## GIVEN INFORMATION:
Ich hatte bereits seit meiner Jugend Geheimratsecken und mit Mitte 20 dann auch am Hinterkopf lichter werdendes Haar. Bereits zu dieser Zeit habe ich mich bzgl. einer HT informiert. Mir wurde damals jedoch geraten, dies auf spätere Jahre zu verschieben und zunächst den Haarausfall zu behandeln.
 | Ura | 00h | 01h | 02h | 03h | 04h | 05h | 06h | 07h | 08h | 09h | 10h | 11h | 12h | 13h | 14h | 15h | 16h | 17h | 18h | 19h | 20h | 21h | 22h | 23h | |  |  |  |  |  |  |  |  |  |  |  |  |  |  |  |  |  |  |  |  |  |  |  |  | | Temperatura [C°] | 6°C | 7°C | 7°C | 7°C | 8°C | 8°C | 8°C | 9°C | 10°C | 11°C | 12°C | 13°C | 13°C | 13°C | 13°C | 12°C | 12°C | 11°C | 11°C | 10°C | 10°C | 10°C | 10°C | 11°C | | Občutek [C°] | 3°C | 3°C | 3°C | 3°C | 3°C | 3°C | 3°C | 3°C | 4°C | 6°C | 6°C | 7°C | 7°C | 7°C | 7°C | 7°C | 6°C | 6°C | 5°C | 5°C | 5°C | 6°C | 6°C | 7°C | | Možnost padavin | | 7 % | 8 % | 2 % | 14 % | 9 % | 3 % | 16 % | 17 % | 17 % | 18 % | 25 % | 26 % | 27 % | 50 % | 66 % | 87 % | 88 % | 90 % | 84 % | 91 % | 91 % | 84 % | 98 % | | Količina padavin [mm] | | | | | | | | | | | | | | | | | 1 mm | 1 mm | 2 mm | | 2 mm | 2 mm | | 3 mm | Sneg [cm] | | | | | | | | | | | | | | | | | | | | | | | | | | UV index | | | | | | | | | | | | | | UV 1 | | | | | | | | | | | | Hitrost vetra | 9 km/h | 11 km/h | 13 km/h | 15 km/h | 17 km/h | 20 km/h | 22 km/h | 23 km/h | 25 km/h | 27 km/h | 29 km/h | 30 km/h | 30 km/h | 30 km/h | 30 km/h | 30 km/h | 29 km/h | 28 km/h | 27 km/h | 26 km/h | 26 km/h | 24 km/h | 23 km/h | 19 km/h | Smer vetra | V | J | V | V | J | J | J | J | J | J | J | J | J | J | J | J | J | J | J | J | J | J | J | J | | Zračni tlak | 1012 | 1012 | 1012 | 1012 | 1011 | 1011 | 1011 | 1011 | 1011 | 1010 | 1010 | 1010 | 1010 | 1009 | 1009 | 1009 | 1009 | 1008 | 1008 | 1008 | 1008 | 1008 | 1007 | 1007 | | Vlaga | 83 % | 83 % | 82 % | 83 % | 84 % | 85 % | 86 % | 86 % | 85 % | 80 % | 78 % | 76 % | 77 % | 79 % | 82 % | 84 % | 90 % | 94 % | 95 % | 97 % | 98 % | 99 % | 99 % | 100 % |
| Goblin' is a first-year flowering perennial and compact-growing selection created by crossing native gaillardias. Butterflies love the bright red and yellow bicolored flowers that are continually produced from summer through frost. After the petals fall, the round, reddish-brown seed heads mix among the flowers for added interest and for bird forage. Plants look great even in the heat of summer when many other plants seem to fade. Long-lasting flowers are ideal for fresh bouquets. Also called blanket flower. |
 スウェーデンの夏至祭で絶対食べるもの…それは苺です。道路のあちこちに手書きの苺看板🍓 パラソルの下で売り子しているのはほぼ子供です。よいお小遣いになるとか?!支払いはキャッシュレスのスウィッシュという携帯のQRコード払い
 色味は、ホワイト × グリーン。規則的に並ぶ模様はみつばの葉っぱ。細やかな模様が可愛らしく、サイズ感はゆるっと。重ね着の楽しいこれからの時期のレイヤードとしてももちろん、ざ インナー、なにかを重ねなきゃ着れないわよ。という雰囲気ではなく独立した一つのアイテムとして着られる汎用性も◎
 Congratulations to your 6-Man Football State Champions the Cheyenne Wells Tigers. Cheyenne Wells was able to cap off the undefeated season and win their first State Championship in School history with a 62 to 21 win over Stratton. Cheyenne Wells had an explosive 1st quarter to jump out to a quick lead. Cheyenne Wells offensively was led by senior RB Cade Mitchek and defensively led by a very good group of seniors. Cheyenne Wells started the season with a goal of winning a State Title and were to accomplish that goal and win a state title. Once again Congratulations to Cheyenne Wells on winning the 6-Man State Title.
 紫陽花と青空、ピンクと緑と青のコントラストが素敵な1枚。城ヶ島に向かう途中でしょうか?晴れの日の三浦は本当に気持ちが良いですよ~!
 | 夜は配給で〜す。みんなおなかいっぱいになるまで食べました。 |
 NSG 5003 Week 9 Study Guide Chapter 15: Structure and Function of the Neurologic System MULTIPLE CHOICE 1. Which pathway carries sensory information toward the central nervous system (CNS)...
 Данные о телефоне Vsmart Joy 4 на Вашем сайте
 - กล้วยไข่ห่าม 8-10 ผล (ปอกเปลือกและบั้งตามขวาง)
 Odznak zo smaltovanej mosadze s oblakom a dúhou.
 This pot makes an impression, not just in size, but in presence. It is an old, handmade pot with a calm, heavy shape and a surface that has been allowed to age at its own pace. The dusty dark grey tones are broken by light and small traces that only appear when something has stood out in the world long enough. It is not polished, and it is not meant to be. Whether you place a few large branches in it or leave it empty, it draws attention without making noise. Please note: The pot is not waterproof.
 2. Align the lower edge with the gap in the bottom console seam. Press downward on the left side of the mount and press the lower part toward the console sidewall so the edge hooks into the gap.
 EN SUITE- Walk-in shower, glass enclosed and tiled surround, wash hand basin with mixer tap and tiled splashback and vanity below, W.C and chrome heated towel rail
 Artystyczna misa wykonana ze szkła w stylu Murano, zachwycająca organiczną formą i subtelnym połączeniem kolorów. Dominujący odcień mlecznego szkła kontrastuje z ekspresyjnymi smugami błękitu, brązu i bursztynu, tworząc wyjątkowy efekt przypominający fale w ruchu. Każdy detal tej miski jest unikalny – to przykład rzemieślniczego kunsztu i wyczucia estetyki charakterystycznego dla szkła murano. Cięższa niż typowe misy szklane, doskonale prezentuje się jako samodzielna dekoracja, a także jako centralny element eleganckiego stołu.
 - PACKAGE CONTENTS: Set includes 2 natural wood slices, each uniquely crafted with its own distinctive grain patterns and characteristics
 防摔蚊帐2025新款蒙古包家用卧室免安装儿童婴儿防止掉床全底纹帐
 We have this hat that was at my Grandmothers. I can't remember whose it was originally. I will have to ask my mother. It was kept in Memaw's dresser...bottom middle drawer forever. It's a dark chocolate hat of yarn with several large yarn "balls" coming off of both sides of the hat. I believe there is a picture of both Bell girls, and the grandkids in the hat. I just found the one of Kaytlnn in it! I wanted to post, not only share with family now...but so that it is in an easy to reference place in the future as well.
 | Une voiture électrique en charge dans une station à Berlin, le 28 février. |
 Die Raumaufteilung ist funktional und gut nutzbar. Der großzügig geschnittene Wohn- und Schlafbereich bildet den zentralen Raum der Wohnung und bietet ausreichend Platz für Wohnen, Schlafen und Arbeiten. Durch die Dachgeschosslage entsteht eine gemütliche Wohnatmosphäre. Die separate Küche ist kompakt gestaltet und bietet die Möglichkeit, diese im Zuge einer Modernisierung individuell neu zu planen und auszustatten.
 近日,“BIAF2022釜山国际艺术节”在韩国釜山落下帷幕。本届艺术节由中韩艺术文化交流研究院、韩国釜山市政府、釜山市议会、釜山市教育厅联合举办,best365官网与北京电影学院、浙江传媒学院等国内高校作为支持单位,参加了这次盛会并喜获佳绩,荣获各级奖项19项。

## TASK DIRECTIONS:
When a line among the entries above contains "bottom", copy it.

## YOUR SOLUTION:
 2. Align the lower edge with the gap in the bottom console seam. Press downward on the left side of the mount and press the lower part toward the console sidewall so the edge hooks into the gap.
 We have this hat that was at my Grandmothers. I can't remember whose it was originally. I will have to ask my mother. It was kept in Memaw's dresser...bottom middle drawer forever. It's a dark chocolate hat of yarn with several large yarn "balls" coming off of both sides of the hat. I believe there is a picture of both Bell girls, and the grandkids in the hat. I just found the one of Kaytlnn in it! I wanted to post, not only share with family now...but so that it is in an easy to reference place in the future as well.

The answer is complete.